そんな時、いつも通り遅れた時間に早川先生が教室に入ってきて意図せずして沈黙を破った。
「ごめん、ごめん寝坊して遅れちゃって・・・・・・あれ?みんなどうしたの??いつもはもっと騒がしいのに……」
早川先生の言葉が全て耳に入る前に志郎の身体は動き出していた。
勢いよく教室を飛び出し縁側を飛び越えた。早川先生が何か大声で叫んでいたが何を言っていたか分からない。

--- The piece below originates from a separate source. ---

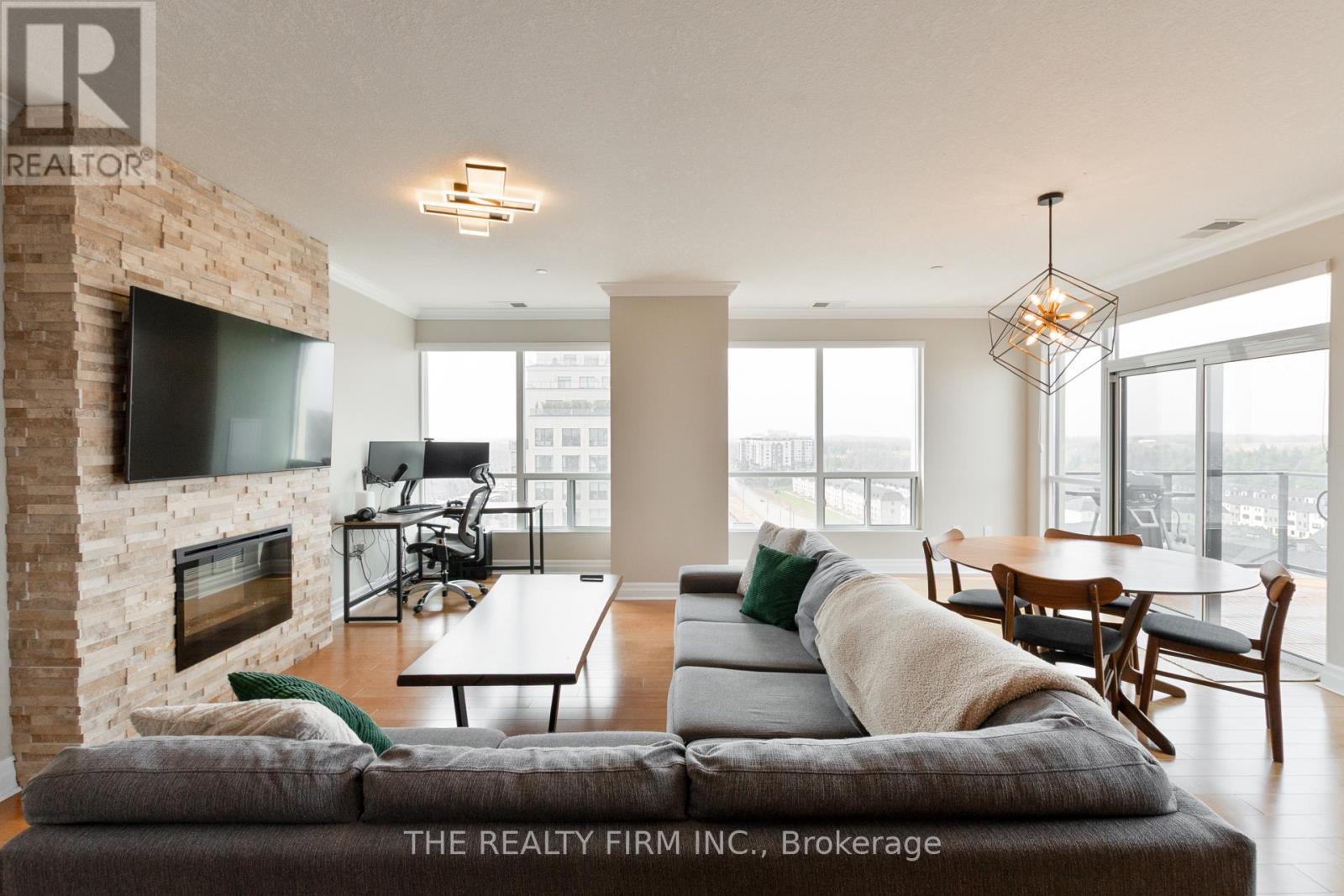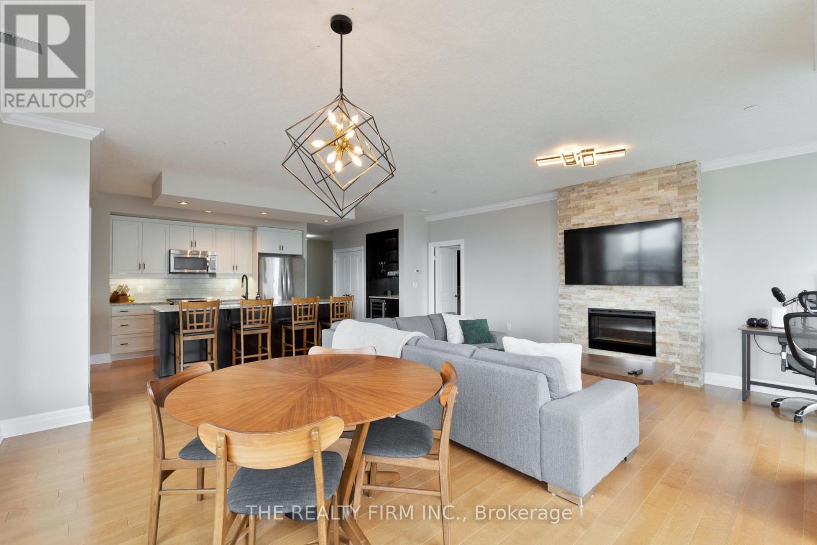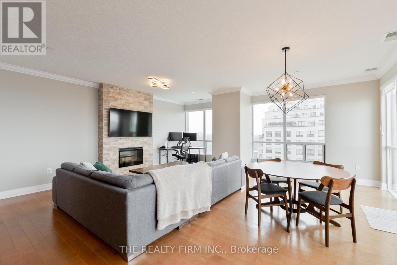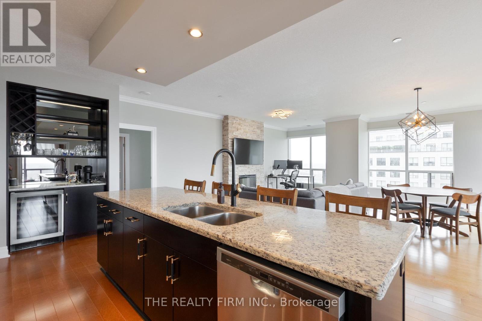 Elevate your lifestyle in this stunning 10th-floor condo, offering sophisticated design and breathtaking panoramic views to the north and west. This beautifully designed 3 bedroom, 2 bathroom condo offers the perfect blend of low-maintenance living and modern luxury. With high ceilings and an open-concept layout, the space is filled with natural light, creating a bright and inviting atmosphere. The upgraded kitchen is a chef's dream, featuring granite countertops, stainless steel appliances, spacious island, and custom built-in bar with beverage fridge--perfect for entertaining. The bright living and dining area showcases a striking stone fireplace, complemented by sliding patio doors leading to your north-facing balcony. The primary suite is a private oasis with a custom walk-in closet and a spa-inspired ensuite, complete with a glass-enclosed tiled shower and separate air-bubble soaker tub, while two additional bright and spacious bedrooms are complemented by a well-appointed 4-piece main bathroom with a glass-enclosed tub and shower. A spacious second bedroom and a versatile den--perfect for a home office or 3rd bedroom. Enjoy the convenience of an in-suite laundry room with storage, tiled foyer and two underground parking spaces plus an indoor storage locker. Enjoy a truly elevated lifestyle with access to premium amenities, including a golf simulator, fitness centre, indoor pool, and private theatre room--offering the perfect balance of relaxation and recreation. Ideally located just minutes from Masonville Mall, with high-end shopping, dining, and everyday conveniences all within reach. Luxury living in a location that delivers. (id:4069)
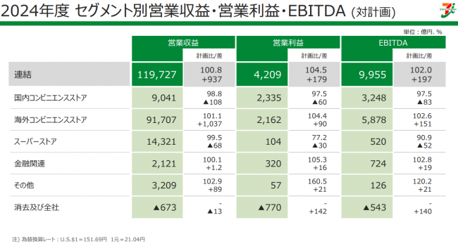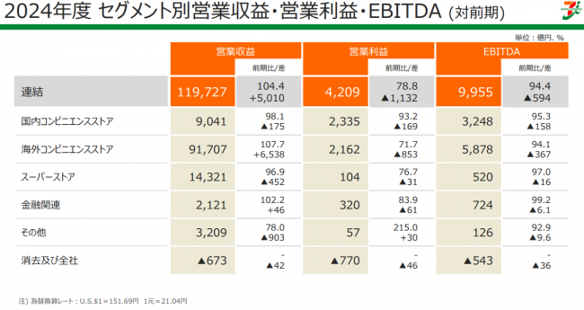 セグメント別では、国内コンビニエンスストア事業の営業収益は9041億5200万円(前年同期比98.1%)、営業利益は2335億5400万円(93.2%)。

全てがどうでもよくなった。とにかくこの場から消えたかった。志郎は心臓の鼓動は速まる一方で、呼吸も荒くなっていた。裸足の足は小石を踏んづけ痛かった。とにかく走ることに必死だった。裸足の足は自然と、狐の道の先にある黒い渦を目指していた。
黒い渦に向かう道中は若干の開放感があった。生まれてからずっと自分を閉じ込めていた暗闇から抜け出しているような感覚があった。
志郎は自分がずっと背負ってきた重圧から逃れるかのように、この瞬間においては、痛みも、ついさきの龍太郎への暴力も、村頭としての未来も、全てが遠くなっていく気がした。黒い渦はもう目の前だった。
「志郎!早くこっちに!!」
黒い渦から狐の声が聞こえる。狐の声に安心感を感じる。今志郎が会いたいのは間違いなくあの不思議な狐なのだ。今の自分なら狐の問いにも答えられる。少しの躊躇もなく、志郎は渦の中に入っていった。